I have a model which is trying to simulate a Generalized Linear Model where the target distribution is a Gamma distribution with censored data. I have the model defined as follows:

from scipy.stats import gamma as scipygamma
def model_gamma_cen(X, y, censored_label):
    
    linear_combination = pyro.sample(f"beta_0", dist.Normal(0.0, 1.0))
    
    
    for i in range(0, X.shape[1]):
        beta_i = pyro.sample(f"beta_{i}", dist.Normal(0.0, 1.0))
        linear_combination = linear_combination + (beta_i * X[:, i])
    
    mean = torch.exp(linear_combination)
    
    rate = pyro.sample("rate", dist.HalfCauchy(scale=10.0))

    shape = mean * rate

    with pyro.plate("data", y.shape[0]):
        
        # non-censored data
        outcome_dist = dist.Gamma(shape, rate)
                    
        with pyro.poutine.mask(mask = (censored_label == 0.0)):
            observation = pyro.sample("obs", outcome_dist, obs=y)
        with pyro.poutine.mask(mask = (censored_label == 1.0)):

            truncation_prob = torch.tensor(1 - scipygamma(shape.detach(), rate.detach()).cdf(y).astype(np.float32))
            
            censored_observation = pyro.sample("censorship",
                                               dist.Bernoulli(truncation_prob),
                                               obs=torch.tensor(1.0))

And I have my guide defined as follows:

def guide_gamma_cen(X, y, censored_label):

    
    mu_intercept = pyro.param("mu_intercept", torch.tensor(0.0))
    sigma_intercept = pyro.param("sigma_intercept", torch.tensor(1.0))
    linear_combination = pyro.sample(f"beta_0", 
                                     dist.Normal(mu_intercept, sigma_intercept))
    
    
    for i in range(0, X.shape[1]):
        mu_coef = pyro.param(f"mu_{i}", torch.tensor(0.0))
        sigma_coef = pyro.param(f"sigma_{i}", torch.tensor(1.0))
        beta_i = pyro.sample(f"beta_{i}", dist.Normal(mu_coef, sigma_coef))
    
    
    scale_rate = pyro.param("scale_rate", torch.tensor(10.0))
    
    rate = pyro.sample("rate", dist.HalfCauchy(scale=scale_rate))

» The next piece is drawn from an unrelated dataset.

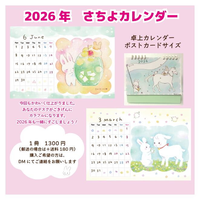 本商品は、特別にカレンダー用に書き下ろしたイラストを含む、さちよの魅力あふれるイラストが13枚つづりで構成されています。かわいうさぎや動物たちが、毎月のページを彩ります。
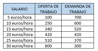Tanto en la tabla como en el gráfico podemos ver que la oferta y la demanda de trabajo se cortan para un salario de 20 euros a la hora. A ese salario se contratarán 420 trabajadores que son exactamente los que desean trabajar, por tanto, el desempleo será igual a cero.

When I run these with an SVI that uses Trace_ELBO, and a ClippedAdam optimizer, after a few iterations, the vale for scale_rate becomes nan.

However, if instead of my own guide I use an autoguide (e.g. AutoDiagonalNormal), things work out. Why is my guide failing?

Hi @bshabash,
I haven’t fully understood your model, but one quick observation is that you should constraint your pyro.param statements when they are intended to be positive, e.g.

from torch.distributions import constraints

sigma_intercept = pyro.param("sigma_intercept", torch.tensor(1.0),
                             constraint=constraints.positive)
...
    sigma_coef = pyro.param(f"sigma_{i}", torch.tensor(1.0),
                            constraint=constraints.positive)
...
scale_rate = pyro.param("scale_rate", torch.tensor(10.0),
                        constraint=constraints.positive)

Let me know if you still get NAN’s after that fix, and I’ll take a closer look at the censoring logic.

Hi @fritzo
I added the constraints. I forgot about those.

However even with the constraint the value becomes nan after the first iteration. Also, for the first iteration, my loss is infinite after I take the SVI step. If I make the learning rate smaller, say 0.0000000000001, then the SVI goes for two iterations and then one of the other values becomes nan (in this case one of the scale values for beta_{i}).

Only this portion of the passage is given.